9 Conclusion
136. It is inevitable that a new government has
difficulties translating ambitious pre-election rhetoric into
deliverable policy, but the confusion over the four tests, the
place of value for money in the review and the controversial aspects
of the Public Bodies Reform Bill make the Government's public
body reform programme more contentious and less effective than
it should have been. Nevertheless, valuable lessons can be learned
for future reviews.
137. The current approach is not going to deliver
significant cost savings or result in greater accountability.

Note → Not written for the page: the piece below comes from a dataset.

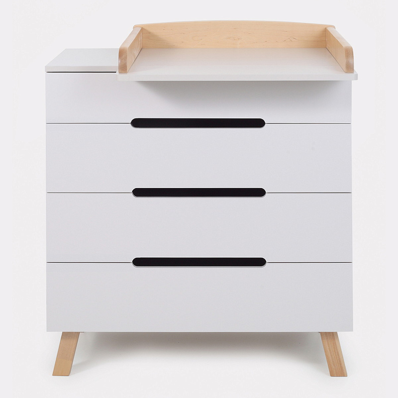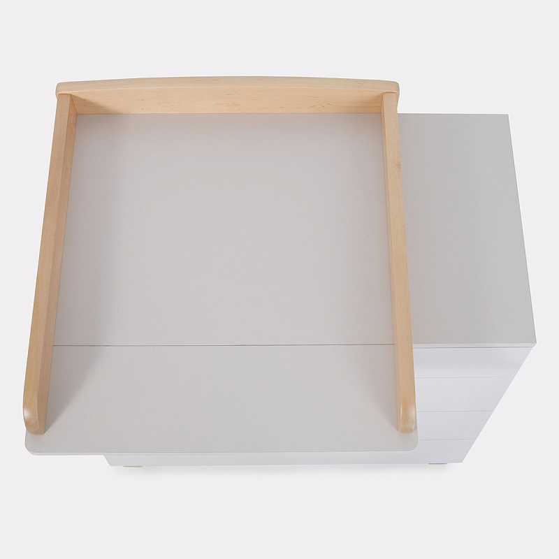 конечно же, комодик имеет бортик, превращающий его в полноценный пеленальный столик. Более того, можно менять положение пеленального бортика, устанавливая его правее или левее на поверхности комода.

Public bodies are established to perform a variety of public functions;
while it is possible to deliver these functions in a more efficient
way the majority of their funding is passed on to other organisations
and groups. If the Government wishes to make meaningful savings
in public body expenditure it needs to examine not just how public
bodies operate, but what they exist to do. It will have to decide
whether all the functions currently performed by public bodies
are still necessary. Unless it does so, there will be a limit
to the savings it can deliver.
138. Similarly, we are unconvinced that the Government's
solution, bringing functions back in to central departments, will
create a more accountable system. We sympathise with ministers'
desire to be able to influence decisions they will ultimately
be held responsible for; but its answer fails to recognise ways
the organisations are held to account beyond ministerial accountability
to Parliament.
139. Stakeholders and civil society play an important
role in providing challenge and criticism to public bodies on
a day to day basis; indeed this seems central to the Government's
vision for a Big Society. It is easiest for them to perform this
role when they have a clearly identified body to engage with,
not a homogenous central department. There is a way to meet both
demands, set these bodies up as executive agencies - this provides
a clearly identifiable organisation for stakeholders to engage
with, while leaving ultimate responsibility with the Minister.